I was giving my new lathe a good cleaning, which turned into a partial disassembly for a thorough cleaning which has turned into a repaint project now. When I took the apron off, I found this. It broke right where the bolt would tighten down to lock it from moving. I can't find a part number for this on the breakdown from clausing. Any ideas on where to find one? Checked eBay already. It looks simple to make, but I don't think I have the right tools to do so. I could try and fix it somehow, but was afraid welding it might warp it. Any ideas? Or anyone know the part number so I can call clausing and see if by some miracle they have one of these laying around?


----------



## markba633csi (Jun 7, 2018)

If you draw up the dimensions someone would probably be willing to make it for a small fee- I'm guessing it's mild steel or cast iron? Should be fairly easy to fab out of square stock with a milling machine
Mark


----------



## Barncat (Jun 7, 2018)

It is cast iron. I can get some dimensions. It does seem fairly easy to make. Here is a better picture of it.


----------



## COMachinist (Jul 26, 2018)

Just braze it back together andclean it up with a file. It is the under side carriage clamping shoe an it does not need to made from hardened steel. Someone cranked down the clamp bolt and broke it. Needs to only be snug tight. That keeps the carage from moving againist the back lash in the rack and drive gear. Not a major load item.
Good luck
CH


----------



## Barncat (Jul 27, 2018)

Funny you wrote about fixing it yesterday. I had just finished fixing it when I saw your post.
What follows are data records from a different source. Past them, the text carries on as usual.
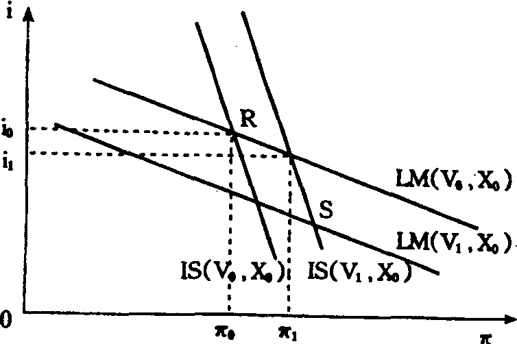 图中的直线LM则代表当x、v和θ不变时,i与π的组合,该组合满足 (12)式。由于π的上升导致了资本的预期名义收益率r (x) +g(π) 和债券的名义利率i+g(π)的上升; 用实物资本和债券是货币的替代品,故实际余额的需求就会减少。通过市场机制的作用,实际利率必然下降,以维持实际余额供需间的平衡。因此,i与π的运动方向仍然是互逆的,这说明LM直线的斜率仍然为负。 斯泰因根据上述IS和LM曲线检验了v的变化对π和i的影响,并得出结论: 在x不变的情况下,v的增加将使IS曲线向上移动,LM曲线向下移动。从图中看,当v从v0上升到v1时,IS曲线从 (v0,x0)上升到 (v1,x0),而LM曲线则从(v0,x0)下降到 (v1,x0)。IS曲线和LM曲线所表明的v的变化对π和i的影响的结果是完全相反的。那么,v的变化对π和i的影响究竟如何呢?这就要看两条曲线的斜率的相对大小了。如果LM线的斜率较大 (如图所示),当v从v0增加到v1时,i就会自i0降至i1,而π则会从π0上升到π1; 反之,若IS线的斜率较大,v的增加就会使i上升,π下降。 期泰因还根据IS和LM曲线检验了x的变化对π和i的影响。对于IS曲线来说,在v不变的情况下,若x上升,资本的边际产出r (x) 和资本的平均产出y(x) 都会提高。根据 (10) 式,意愿储蓄和意愿投资将由此而分别增加s1y′ (x) 和r′ (x)。这时,如果投资的增加大于储蓄的增加,即r′ (x)) s1y′ (x),π就会上升(假定i不变); 反之,如果r′ (x)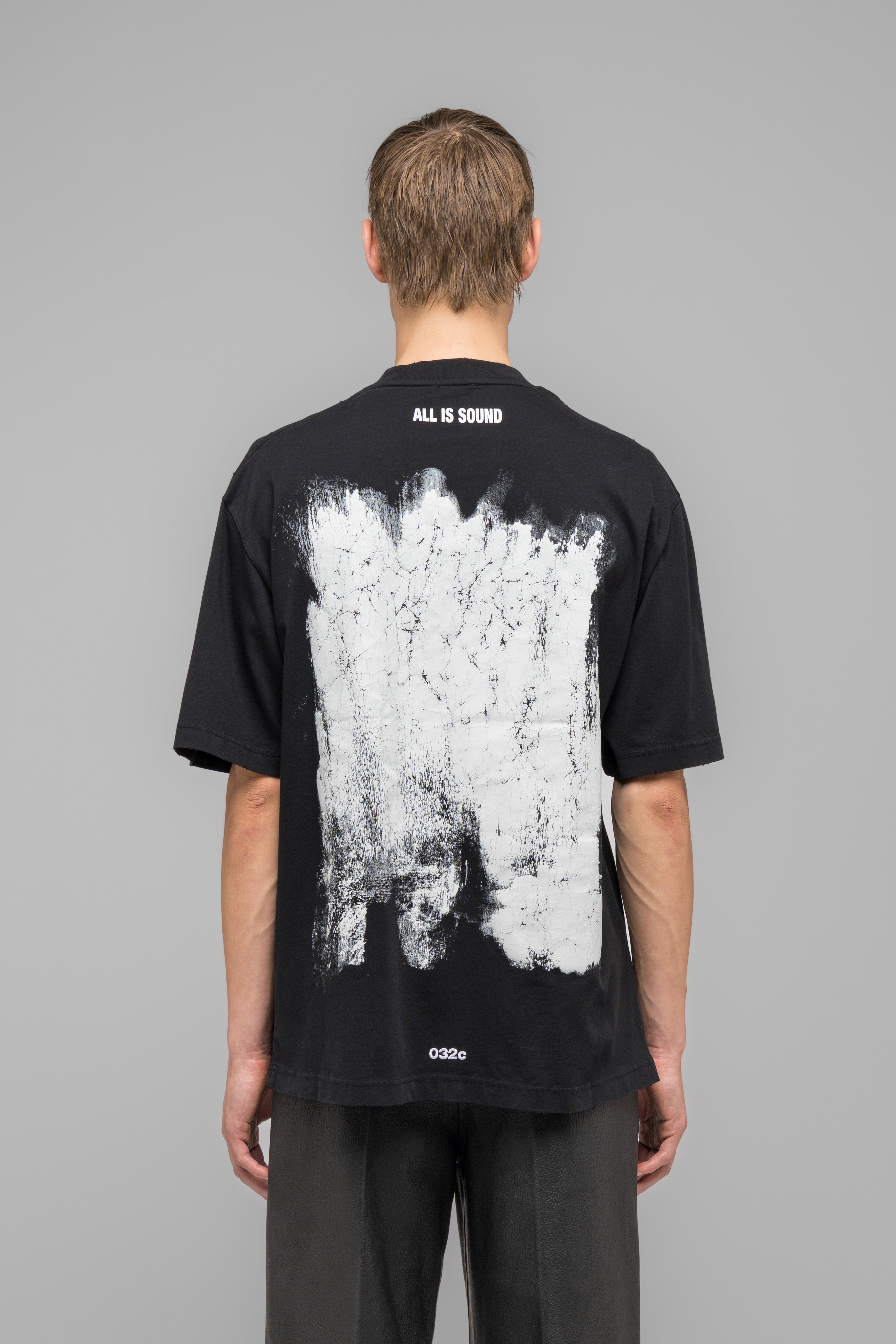The black cotton T-shirt combines a vintage feel with modern details, featuring faded colors, subtle distressing, and a chalky white cracked screen print.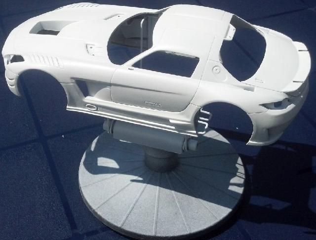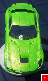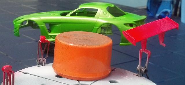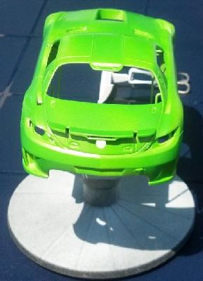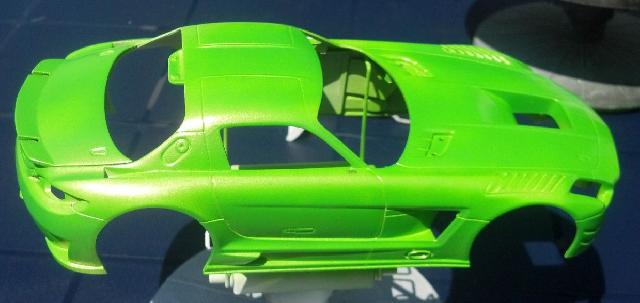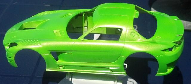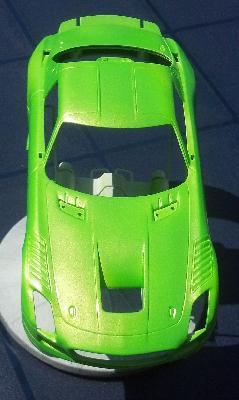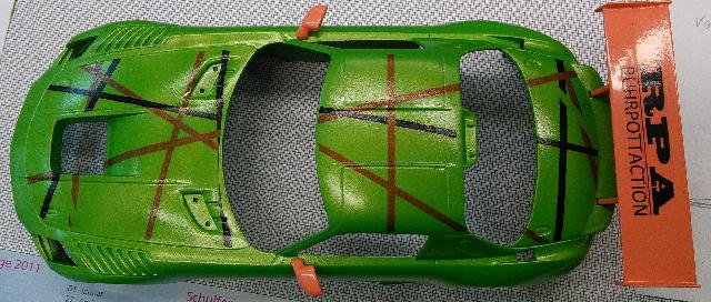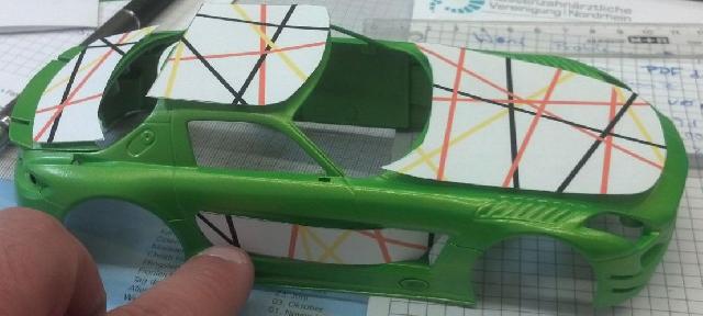 Grundiert, dann Grün lackiert, Farbe für Spiegel und Heckflügel geändert, die Schablonen für die Design Decals geschnitten.
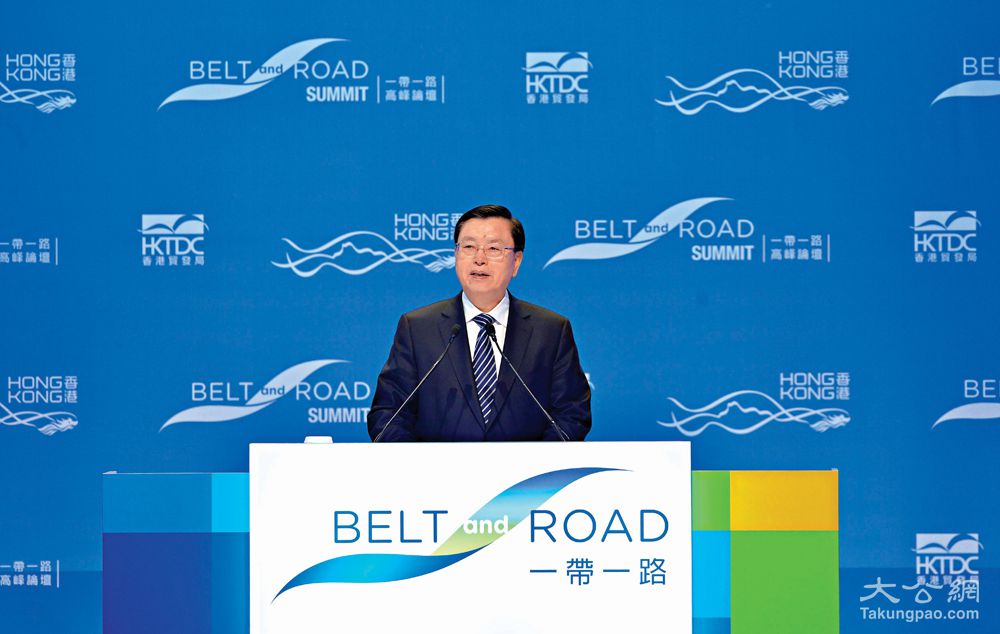 大公网5月19日讯(记者朱晋科)中共中央政治局常委、全国人大常委会委员长张德江昨日在一带一路高峰论坛发表主旨演讲,呼吁香港以更宽广的视野和胸怀把握一带一路的机遇,提升自身的优势。他强调,中央政府会从四方面支持香港,包括主动对接一带一路,打造综合服务平台;瞄准资金融通,推动人民币国际化和一带一路投融资平台建设;聚焦人文交流,促进一带一路沿线民心相通;深化与内地合作,共同开辟一带一路市场。

I drilled in from the end and my plan was to tap it and screw it together. Things were going well until the tap broke. But it seems the tap that is broken off in there is acting like a screw and holding the two pieces together. I have never brazed anything, but had a cast iron welding rod leftover from another project, so I added a couple of tacks on the other sides just to help hold it. As of now it is holding nicely and snugs up the carriage and prevents movement. In the future I may make a new one, but this is good enough for now. Thanks for the advice.


----------



## COMachinist (Jul 29, 2018)

Barncat said:


> Funny you wrote about fixing it yesterday. I had just finished fixing it when I saw your post. I drilled in from the end and my plan was to tap it and screw it together. Things were going well until the tap broke. But it seems the tap that is broken off in there is acting like a screw and holding the two pieces together. I have never brazed anything, but had a cast iron welding rod leftover from another project, so I added a couple of tacks on the other sides just to help hold it. As of now it is holding nicely and snugs up the carriage and prevents movement. In the future I may make a new one, but this is good enough for now. Thanks for the advice.


Bcat.
You can machine a new one from dura- bar cast iron. Those holding gibs are usually cast iron, or something less than prime metal people tend wrench down on these old machine to hard and that is how things get broken. My Clausing was a WWII machine.
CH


----------



## Barncat (Jul 30, 2018)

It is made of cast iron. Mine is also from that time frame. I called with the serial number and was told it was shipped 1943. Mine has the remains of a sticker which I believe said that it conforms to war specs. Unfortunately it was buried under so much caked on grime I didn't see it until after I had already went over it once with a wire brush. I see you are using the past tense referring to yours. Did you get rid of it?


----------



## Barncat (Jul 30, 2018)

Here is my sticker


----------